> _Dataset entries_:
┄┄┄┄┄┄
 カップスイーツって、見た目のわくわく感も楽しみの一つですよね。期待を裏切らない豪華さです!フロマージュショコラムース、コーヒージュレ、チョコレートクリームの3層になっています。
┄┄┄┄┄┄
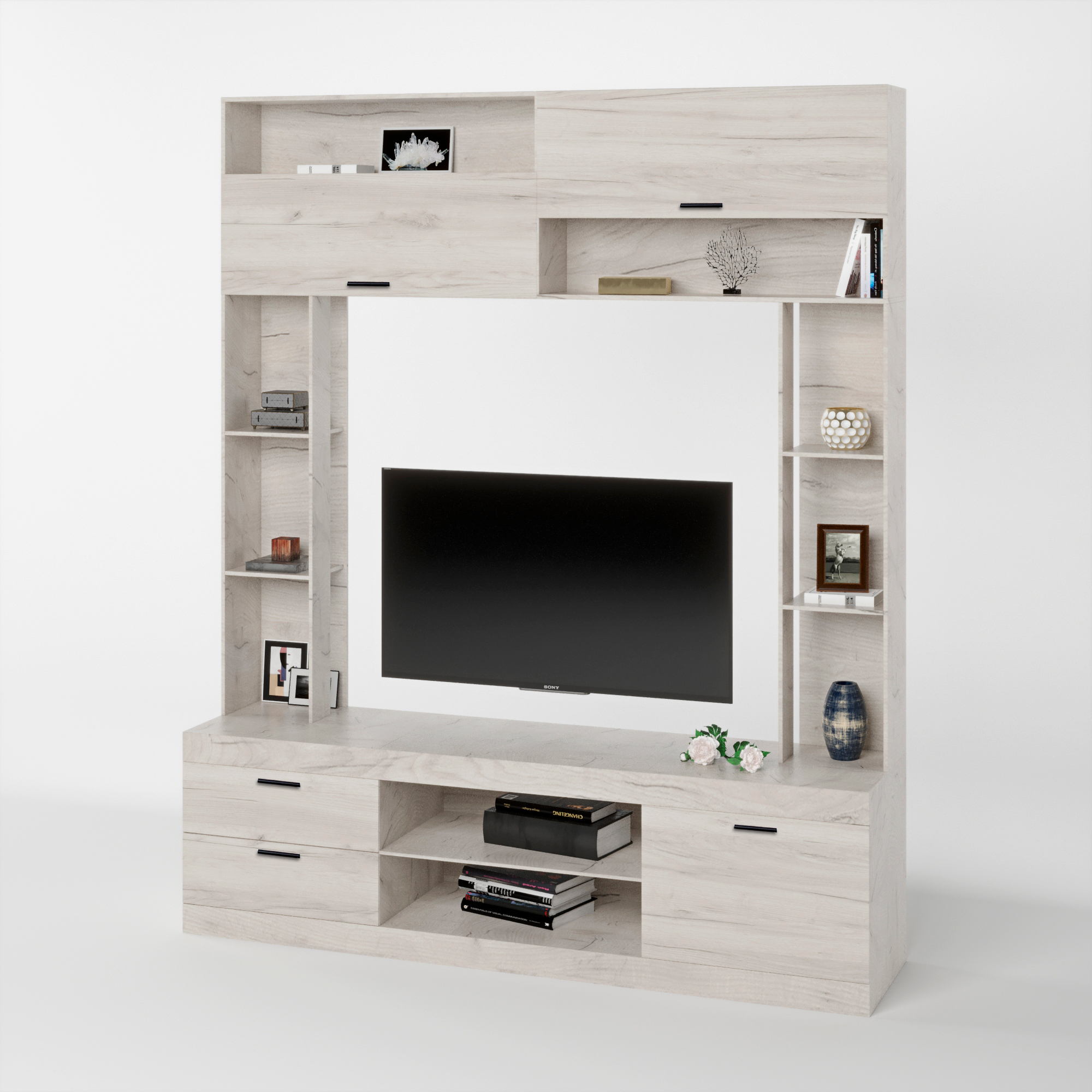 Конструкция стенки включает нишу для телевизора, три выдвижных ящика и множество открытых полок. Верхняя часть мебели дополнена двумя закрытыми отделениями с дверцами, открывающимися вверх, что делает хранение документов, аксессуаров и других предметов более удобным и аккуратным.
┄┄┄┄┄┄
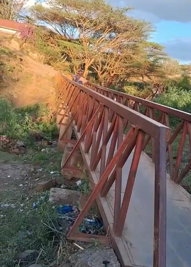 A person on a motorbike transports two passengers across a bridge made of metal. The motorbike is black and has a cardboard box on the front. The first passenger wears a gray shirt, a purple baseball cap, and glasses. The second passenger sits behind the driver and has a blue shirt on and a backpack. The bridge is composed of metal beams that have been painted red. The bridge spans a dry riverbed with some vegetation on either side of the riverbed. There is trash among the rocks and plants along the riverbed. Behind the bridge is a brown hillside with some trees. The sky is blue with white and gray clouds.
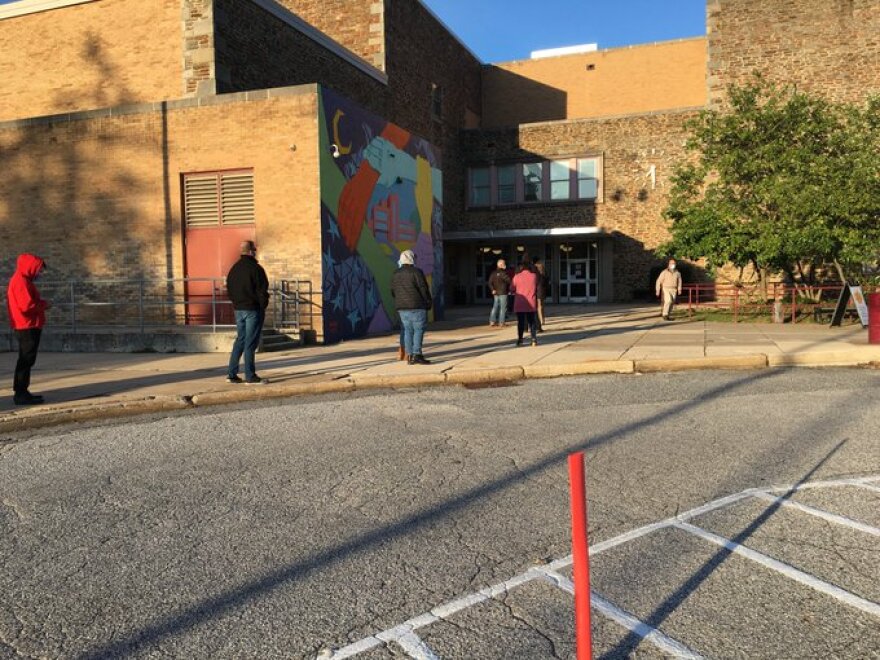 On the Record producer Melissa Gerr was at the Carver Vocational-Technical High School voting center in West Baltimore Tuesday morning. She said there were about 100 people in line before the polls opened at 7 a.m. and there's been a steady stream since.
┄┄┄┄┄┄
> _Instructions for the task_:
Beginning at the line above that contains "A person on" and going on through the line that contains "On the Record", please copy every line exactly, leaving the pictures out and adding nothing.

> _Response box_:
 A person on a motorbike transports two passengers across a bridge made of metal. The motorbike is black and has a cardboard box on the front. The first passenger wears a gray shirt, a purple baseball cap, and glasses. The second passenger sits behind the driver and has a blue shirt on and a backpack. The bridge is composed of metal beams that have been painted red. The bridge spans a dry riverbed with some vegetation on either side of the riverbed. There is trash among the rocks and plants along the riverbed. Behind the bridge is a brown hillside with some trees. The sky is blue with white and gray clouds.
 On the Record producer Melissa Gerr was at the Carver Vocational-Technical High School voting center in West Baltimore Tuesday morning. She said there were about 100 people in line before the polls opened at 7 a.m. and there's been a steady stream since.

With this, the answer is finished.